#### [Records supplied]
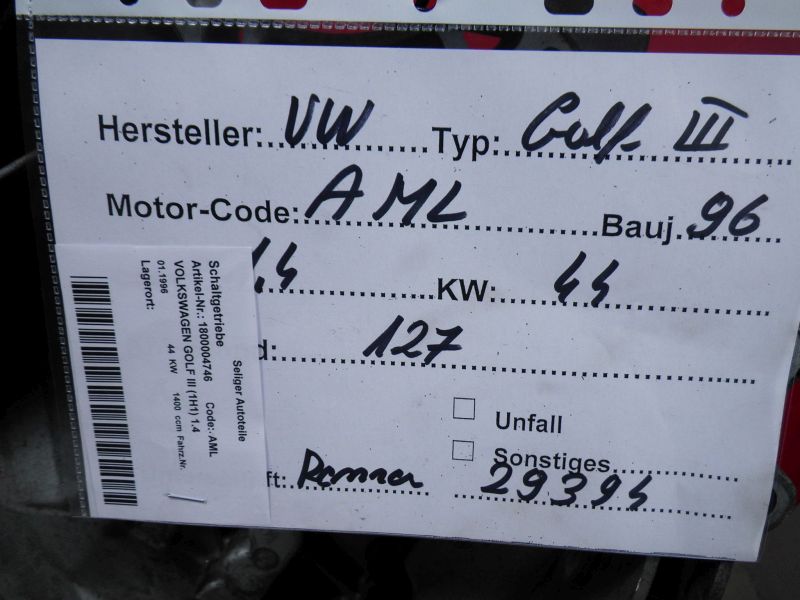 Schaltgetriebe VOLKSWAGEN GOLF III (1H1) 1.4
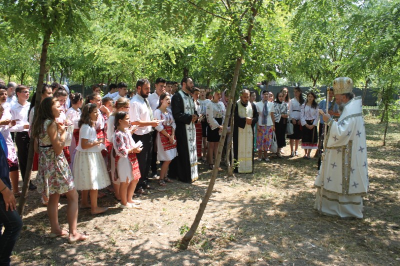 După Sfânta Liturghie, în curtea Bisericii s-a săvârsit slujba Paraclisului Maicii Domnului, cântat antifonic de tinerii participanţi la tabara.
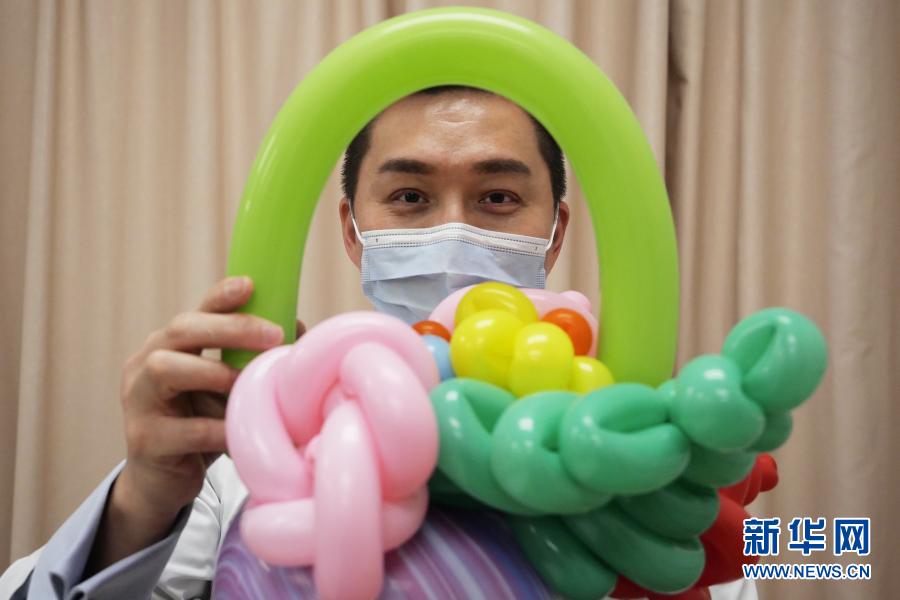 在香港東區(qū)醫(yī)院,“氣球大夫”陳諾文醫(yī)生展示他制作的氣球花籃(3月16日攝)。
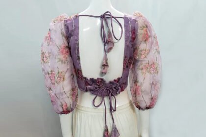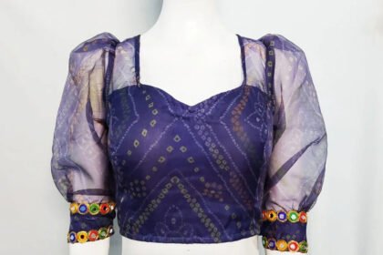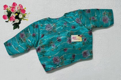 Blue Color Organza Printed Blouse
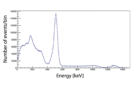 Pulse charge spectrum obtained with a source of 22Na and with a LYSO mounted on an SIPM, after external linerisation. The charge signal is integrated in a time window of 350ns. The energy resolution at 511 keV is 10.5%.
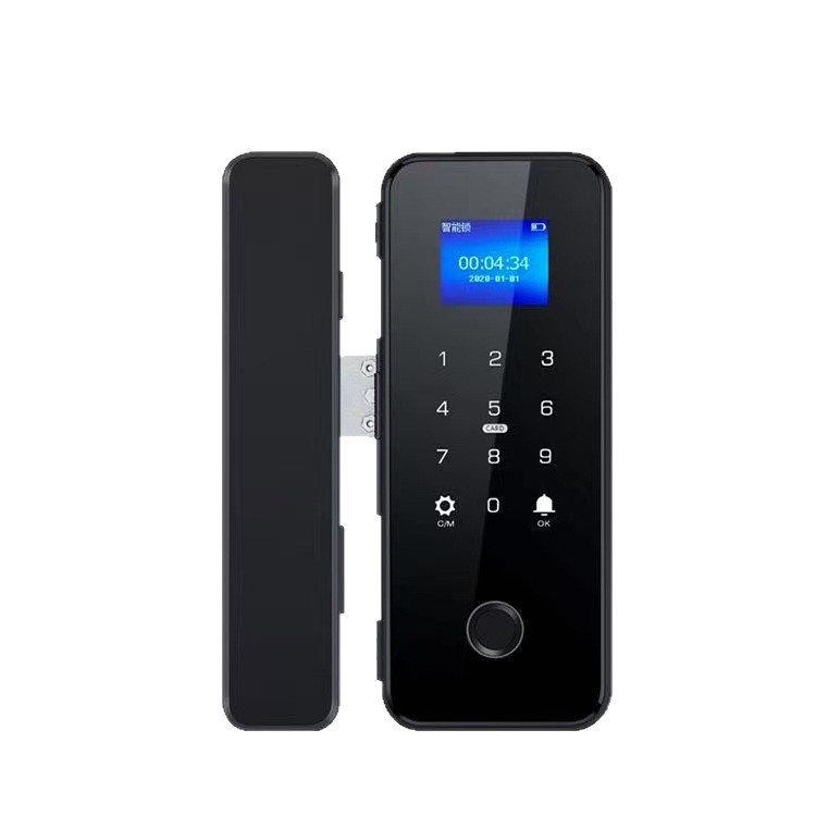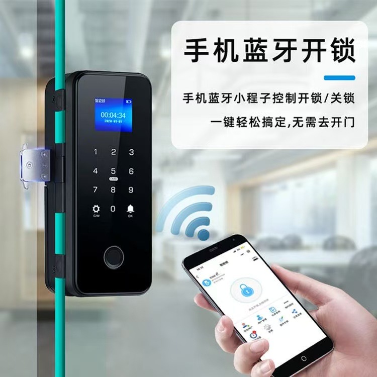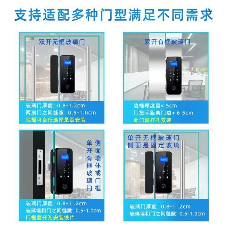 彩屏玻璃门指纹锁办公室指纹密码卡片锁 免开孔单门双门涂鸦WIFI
---
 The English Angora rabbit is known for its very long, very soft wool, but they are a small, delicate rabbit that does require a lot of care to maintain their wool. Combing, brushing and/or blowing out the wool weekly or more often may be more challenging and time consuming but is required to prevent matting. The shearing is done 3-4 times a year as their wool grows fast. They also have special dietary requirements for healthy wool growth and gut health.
* * *
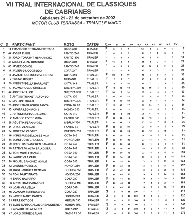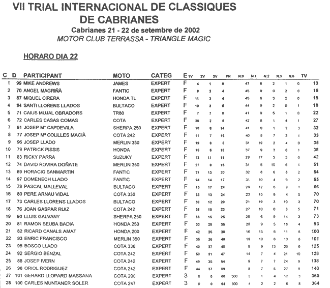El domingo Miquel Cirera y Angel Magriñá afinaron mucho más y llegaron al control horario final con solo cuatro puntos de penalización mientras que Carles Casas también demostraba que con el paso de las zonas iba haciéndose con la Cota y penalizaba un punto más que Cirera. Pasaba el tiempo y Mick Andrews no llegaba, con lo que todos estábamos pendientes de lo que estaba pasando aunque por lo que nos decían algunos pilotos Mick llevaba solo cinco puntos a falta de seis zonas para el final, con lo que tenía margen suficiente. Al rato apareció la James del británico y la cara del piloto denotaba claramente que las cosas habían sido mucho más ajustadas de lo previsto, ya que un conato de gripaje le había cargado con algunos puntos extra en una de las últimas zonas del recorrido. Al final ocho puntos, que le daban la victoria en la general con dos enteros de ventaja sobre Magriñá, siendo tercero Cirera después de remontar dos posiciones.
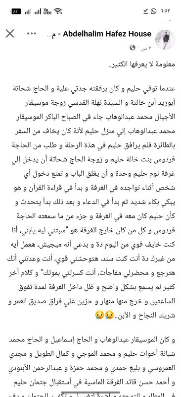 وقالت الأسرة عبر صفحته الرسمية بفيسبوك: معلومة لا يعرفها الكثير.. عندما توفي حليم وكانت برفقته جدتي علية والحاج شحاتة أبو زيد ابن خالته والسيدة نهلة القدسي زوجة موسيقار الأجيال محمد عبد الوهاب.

#### [Required work]
Would you restate, exactly and with no pictures, the lines of the entries above from the one containing "El domingo Miquel" through the one containing "وقالت الأسرة عبر"?

#### [Written solution]
El domingo Miquel Cirera y Angel Magriñá afinaron mucho más y llegaron al control horario final con solo cuatro puntos de penalización mientras que Carles Casas también demostraba que con el paso de las zonas iba haciéndose con la Cota y penalizaba un punto más que Cirera. Pasaba el tiempo y Mick Andrews no llegaba, con lo que todos estábamos pendientes de lo que estaba pasando aunque por lo que nos decían algunos pilotos Mick llevaba solo cinco puntos a falta de seis zonas para el final, con lo que tenía margen suficiente. Al rato apareció la James del británico y la cara del piloto denotaba claramente que las cosas habían sido mucho más ajustadas de lo previsto, ya que un conato de gripaje le había cargado con algunos puntos extra en una de las últimas zonas del recorrido. Al final ocho puntos, que le daban la victoria en la general con dos enteros de ventaja sobre Magriñá, siendo tercero Cirera después de remontar dos posiciones.
 وقالت الأسرة عبر صفحته الرسمية بفيسبوك: معلومة لا يعرفها الكثير.. عندما توفي حليم وكانت برفقته جدتي علية والحاج شحاتة أبو زيد ابن خالته والسيدة نهلة القدسي زوجة موسيقار الأجيال محمد عبد الوهاب.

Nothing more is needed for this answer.